3. Ao ter base na observação, o conhecimento empírico apoia-se somente em representações visuais. Desse modo, explicita apenas as propriedades externas dos objetos. Contrariamente, o conhecimento teórico surge sobre a base da transformação dos objetos, o que possibilita o reflexo das suas relações e ligações internas. A reprodução do objeto em forma de conhecimento teórico permite que o pensamento extrapole os limites das representações sensoriais.
4. A propriedade geral e as propriedades particulares dos objetos, no conhecimento empírico, estão num mesmo plano. No entanto, quando a referência é o conhecimento teórico, a preocupação é com a conexão entre a relação geral e suas diferentes manifestações.
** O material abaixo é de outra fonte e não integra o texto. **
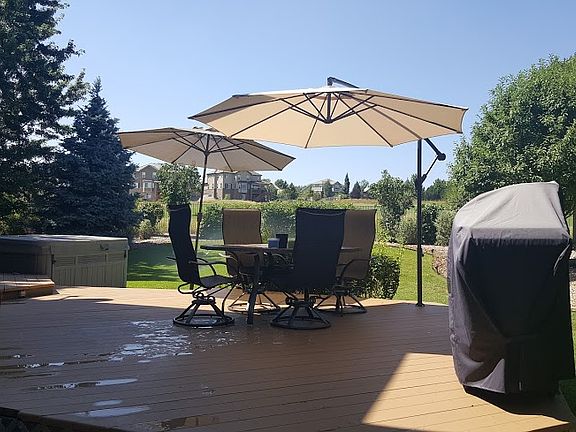 Full remodel in 2013!! Gourmet kitchen with slab granite, tumbled stone backsplash, 42" cabinets and newer Kitchen Aid appliances. The spacious master suite boasts vaulted ceiling, chair-rail, 5-piece bath with stunning custom tile shower, floors and counters with large walk-in closet. The professionally finished basement offers a bedroom, 3/4 bath, custom wet bar, wine storage and great theatre area. The large deck, stamped concrete patio and walkway greet you in the amazing backyard with mature professional landscaping, backing to the 13th fairway on to the Saddle Rock Golf course. Other features include: loft w/built-in desk & shelves, formal living & dining rooms, extensive hardwood flooring, private cul-de-sac location and much more!

Em outras palavras, a conexão do geral ao particular.
5. A concretização do conhecimento empírico se expressa na possibilidade de se estabelecer as ilustrações, as quais se tornam exemplos que pertencem a uma determinada classe. A especificidade da concretização do conhecimento teórico está na necessária conversão em uma teoria desenvolvida por meio da dedução, como também da explicação das manifestações particulares do sistema com base na sua fundamentação geral. 6. A palavra-termo é forma de fixação do conhecimento empírico.
O conhecimento teórico se expressa por meio de procedimentos da atividade mental e de diferentes sistemas simbólicos e signos. Destacam-se os meios da linguagem artificial e natural. Desde o seu surgimento, é possível que o conceito teórico expresse o procedimento que possibilita a separação do singular do geral.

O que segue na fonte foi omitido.